GeopfertH_02_20120828_C19

Publication Date

8-28-2012

City

Houston, Texas

Topics Covered

The Interview Subject's Story - View on Career and Accomplishments; Contributions; Activities Outside Institution; Career and Accomplishments; Post Retirement Activities; Character, Values, Beliefs, Talents; Personal Background; Definitions, Explanations, Translations; Character, Values, Beliefs, Talents; Professional Values, Ethics, Purpose; Funny Stories

Transcript

Tacey Ann Rosolowski, PhD:

As you look back over what you accomplished during your time prior to your retirement from MD Anderson, what is it that you’re particularly gratified to have accomplished?

Helmuth Goepfert, MD:

That I got three sons through medical school without them having any financial debt—(laughs)—and a daughter through college without financial debt that never had to pay a penny. So that was the most gratifying thing. But, as I say, I think I sort of built upon what other people before me had done. I tried to use the resources of the institution wisely in order to make sure that it became visible. Head and Neck, ever since then, has been on the national scene as the number-five program in the country—otolaryngology program in the country—although we treat cancer only. We don’t treat any benign disease. But—what is it? —the news report?

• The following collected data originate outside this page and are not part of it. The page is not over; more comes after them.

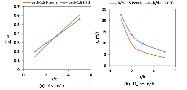 ">Comparison of theoretical correlations (Poreh) and CFD predicted values for maximum radial wall jet velocity (Um) and jet thickness δ variation along the radial direction (r/b)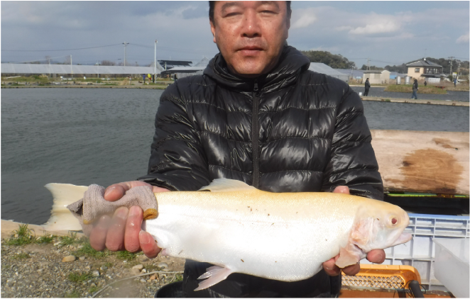 冬季はニジマスを釣る事ができ、時々珍しい『アルビノトラウト』も釣れるそうです。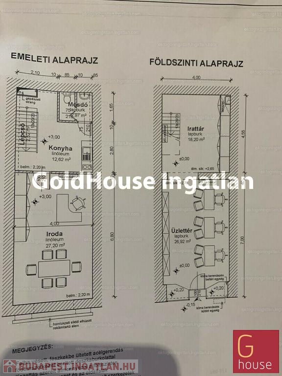 A galérián van a teakonyha, mosdó, és raktárnak vagy irodának is használható külön helyiség, így maga az üzlettér teljes egészében kihasználható. Fűtés: légkondival. Az üzlettér padlólapos, a világítás energiatakarékos.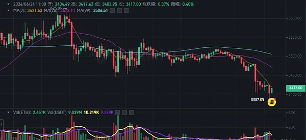 庄家手段愈发阴险,以太坊没有在周末下跌,反而选择在周一凌晨4点突破下跌至3400点以下。行情越发疲弱,比特币连续3个月阴跌,反弹高点一次比一次低。从周线级别来看,走势非常像M顶形态。以太坊唯一的利好预期是7月初可能通过的ETF,这使得其近期走势略强于比特币,但仍未摆脱下降趋势。那么,牛市还在吗?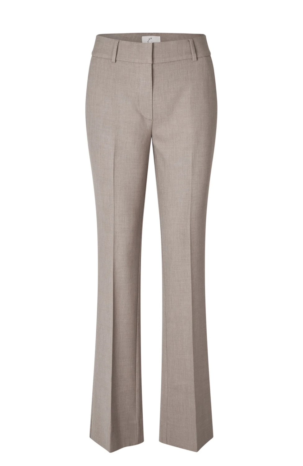 Elegant dressbukse med an klassisk passform. Medium høyt liv med bred linning som lukkes med hemper og glidelås. Rett modell med litt flare i bena og regular lengde. Lommer i sidene og jukselommer bak.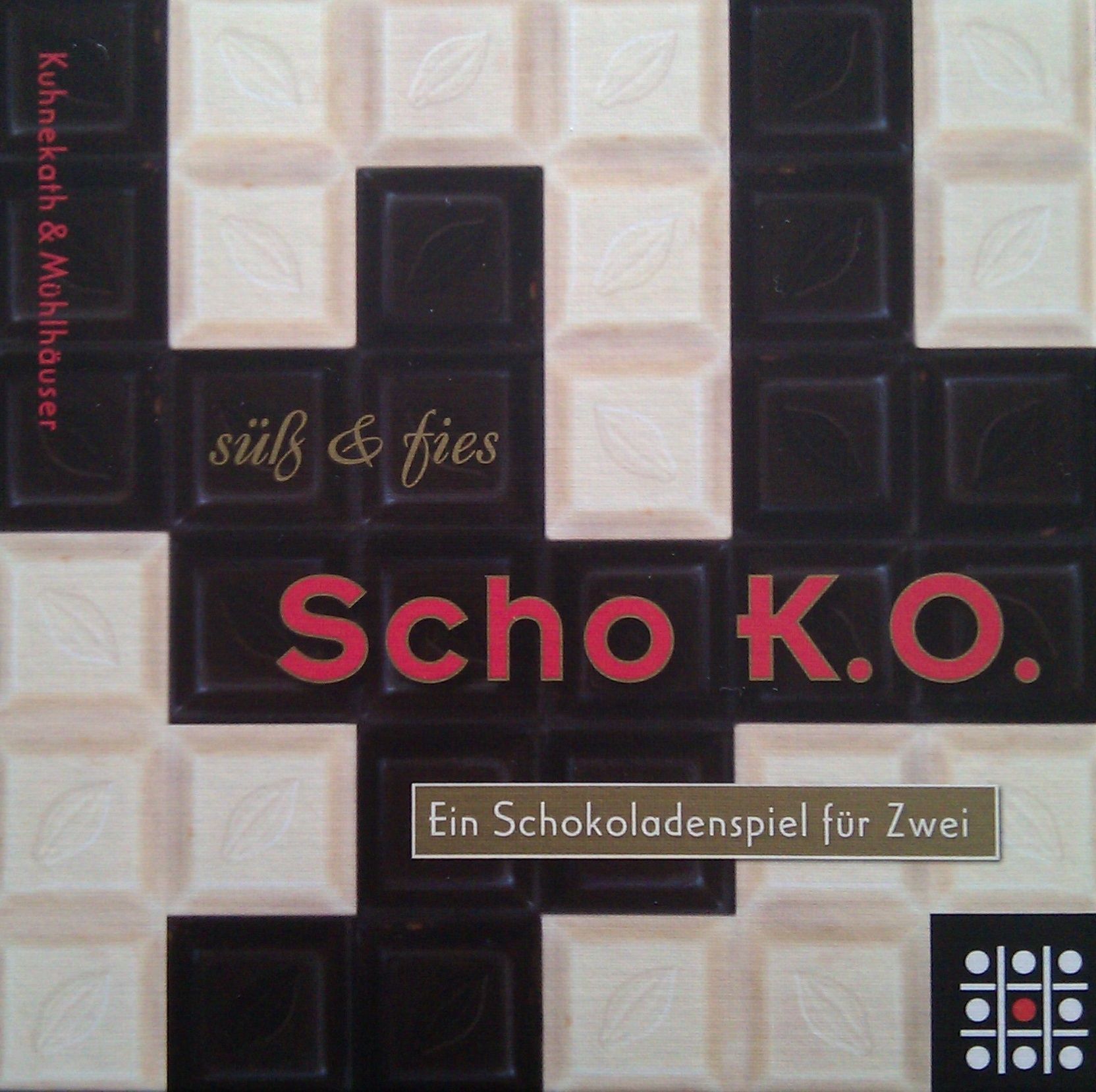 Scho K.O. is similar to Schokoly, but is for only two players and consequently has only two colors of chocolate and red specials printed on the tiles.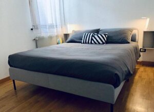 Il letto principale, è fatto di una struttura imbottita con doghe in legno e un comodo materasso DOIMO, nuovo e pulito.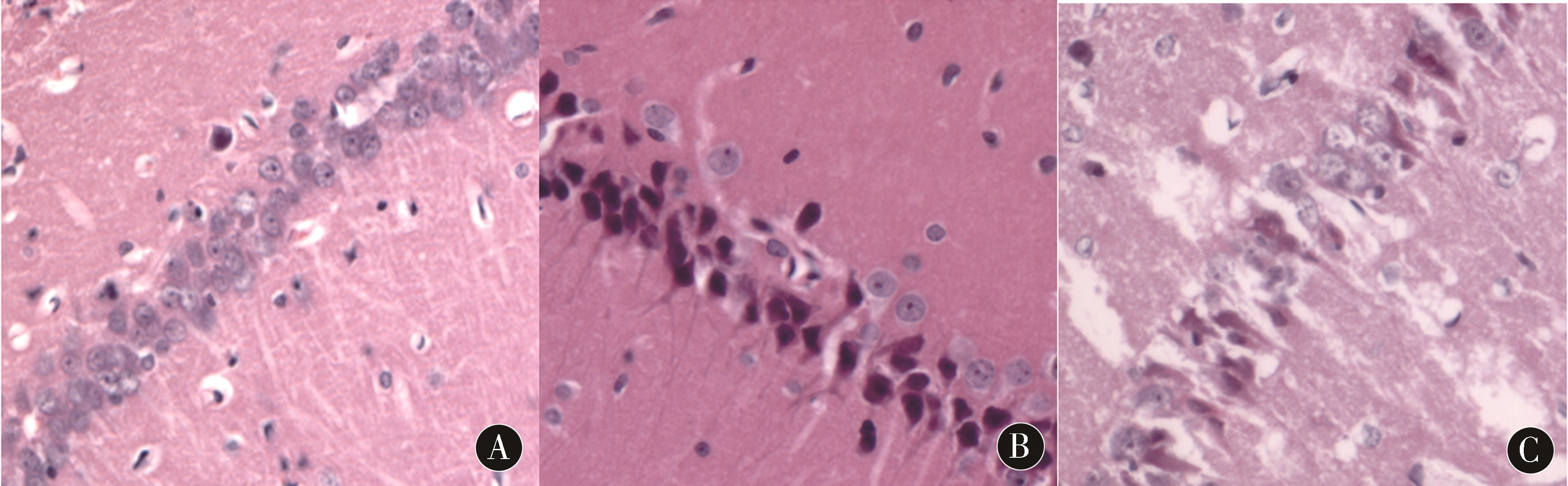 1.4 HE染色 切片常规脱蜡至水,经苏木精水溶液染色及1%盐酸乙醇分化后,水化返蓝30 min,0.5%伊红溶液复染,再经梯度酒精脱水二甲苯透明后由中性树胶固定封片。结果判定与计数:每个时间点随机选取4只大鼠,每只大鼠选取5张切片,光学显微镜(40×10)下随机观察5个不重叠视野。可见坏死神经元细胞核变形或消失,胞核深染,细胞排列疏松,间质水肿;存活神经元细胞核仁明显,排列整齐。采用Motic6.0数码医学图像分析系统计数海马区存活与坏死神经元细胞个数,坏死率为坏死神经元细胞与总神经元细胞之比,取其平均值进行统计分析。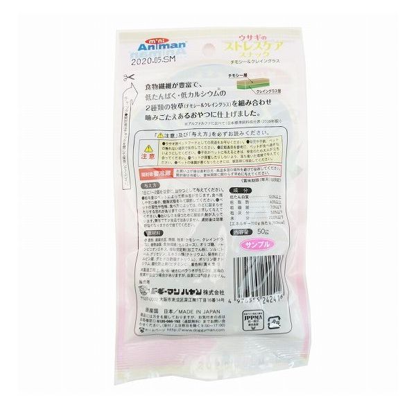 2種類の牧草(チモシー&クレイングラス)を組み合わせ、適度な噛みごたえあるおやつに仕上げました。
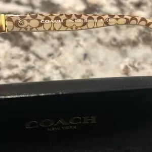 Elegant Coach glasses featuring a black frame with gold accents. Stylish patterned arms add a unique touch. Style name Emma HC6061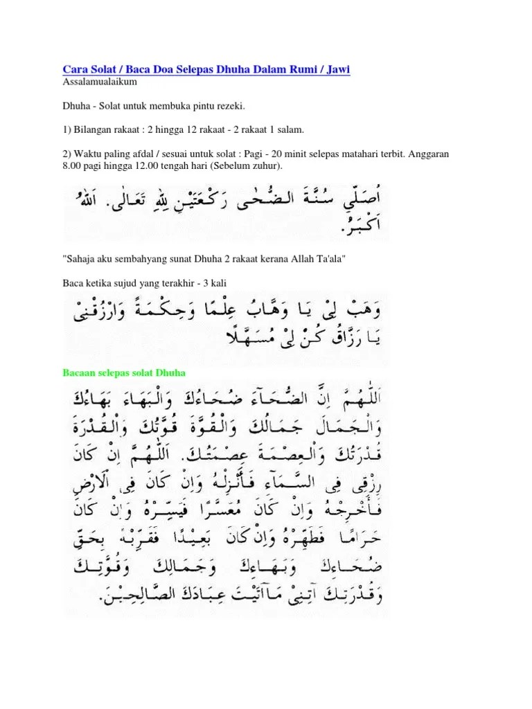 "sahaja aku sembahyang sunat dhuha 2 rakaat tunai kerana allah ta'ala." . Solat dhuha boleh dilakukan dengan dua rakaat paling sedikit, kemudian seterusnya empat, enam, lapan . Cara bacaan rumi doa selepas witir: Solat sunat witir dengan 2 rakaat, kemudian disambung dengan 1 rakaat. Solat sunat dhuha dua rakaat:
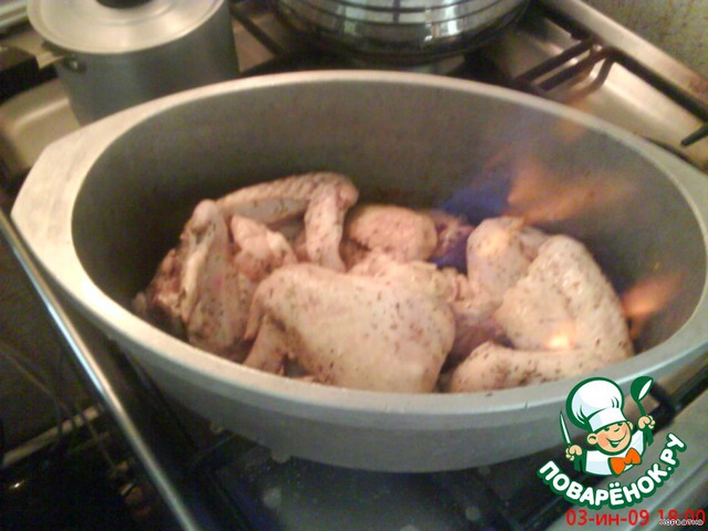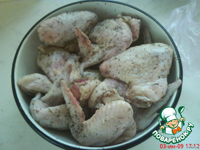 | Приготовление этого рецепта не сложно, но получается очень ароматно и вкусно В рецепте можно использовать разные кусочки курицы, я использовала куриные крылышки. |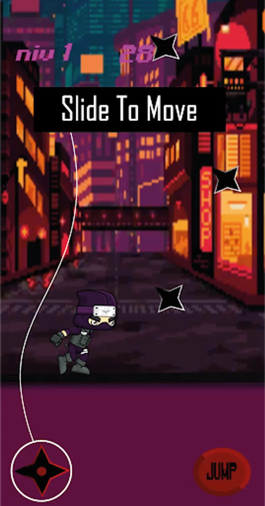 You can move with the shuriken-shaped joystick and jump with the jump button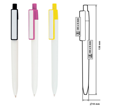 Размер на артикула: Ø10х138 mm. Печатаемо поле: 50х6 mm. Печатаемо поле клипс: 30х4 mm. Печат: тампонен, ситопечат.
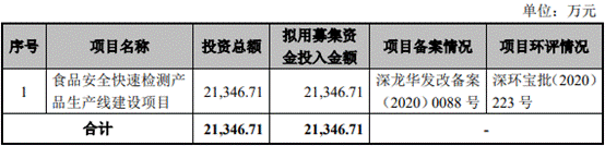 根据募资规划,易瑞生物拟使用2.13亿元募集资金用于食品安全快速检测产品生产线建设项目,该公司并未列出具体产能新增情况,仅在招股说明书中表示,项目建成后,食品安全检测产品的生产能力将大幅增加,新增营收2.06亿元。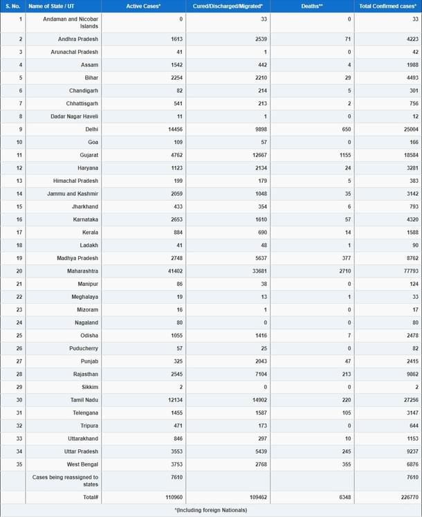 Among other states/UTs where Corona cases have surged past 2,000-mark are West Bengal (6,876), Bihar (4,493), Karnataka (4,320), Andhra Pradesh (4,223), Haryana (3,281, Telangana (3,147), Jammu and Kashmir (3,142), Odisha (2,478), and Punjab (2,415).
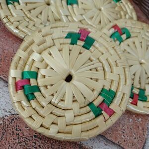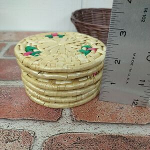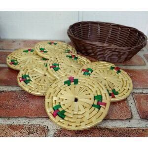 Set of 6 Woven Drink Coasters - Wicker Rattan / Bohemian (+ Basket)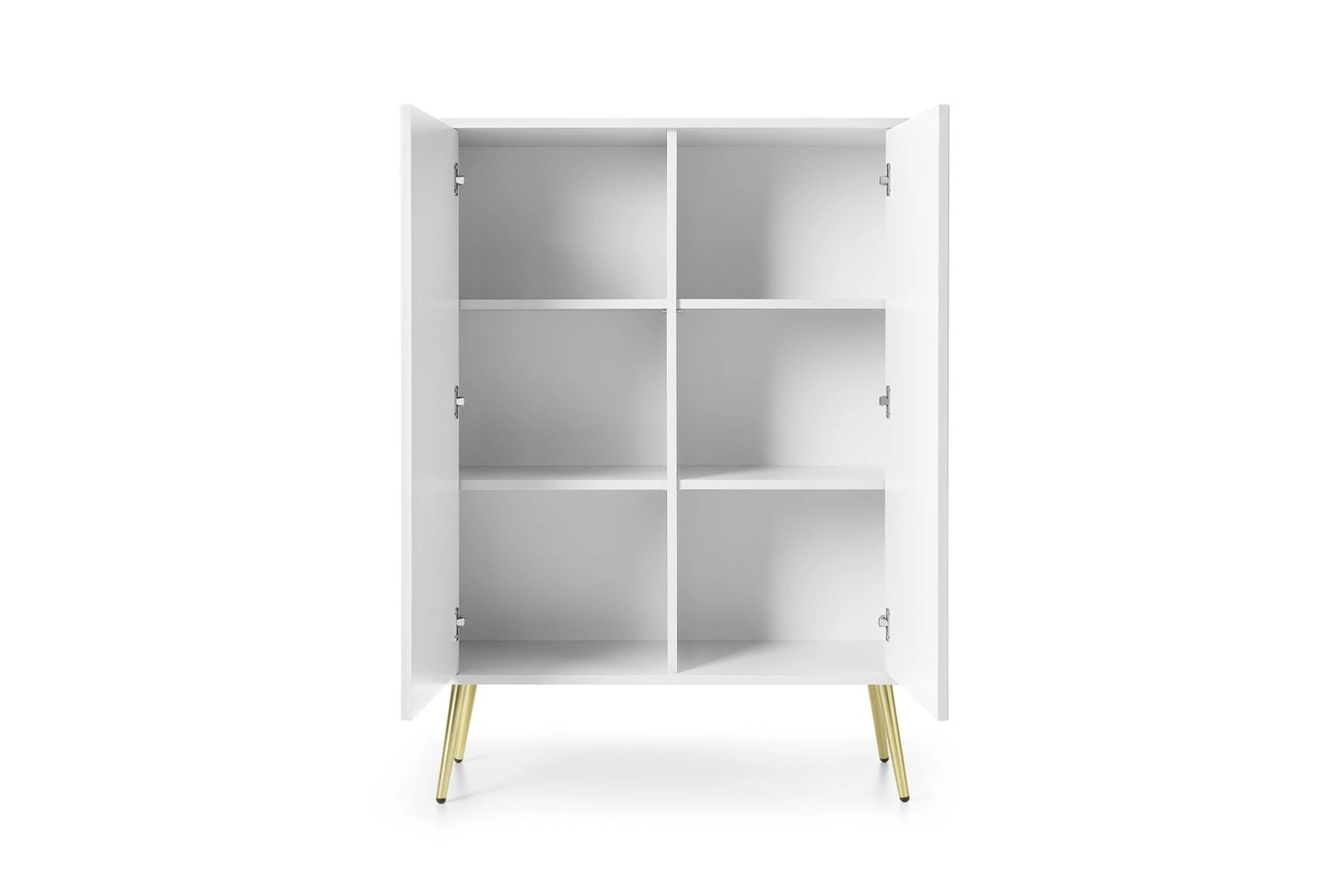 - Nowoczesny design – komoda biała na złotych nogach doskonale wpisuje się w trendy aranżacyjne

Tacey Ann Rosolowski, PhD:

Something News and World Report.

Helmuth Goepfert, MD:

News and World Report—the News and World Report. The Head and Neck Department is number one in the institution, and it’s number three or four in the nation, which is astonishing because we treat only cancer. But that has been always there ever since they started that. I don’t know how they measure that—I don’t care—but, as I say, it is a visible hallmark. And, as I say, the fact that we have a very well-run fellowship training is something that has been built upon ever since Dr. Jesse was the first one who took fellows in training specifically for head and neck only. Before that—before the ‘60s—they would become surgical oncologists, but they would do abdomen, they would do breast, they would do colon, they would do sarcoma, melanoma, everything. Dr. Jesse focused this on head and neck only, and we continued that tradition.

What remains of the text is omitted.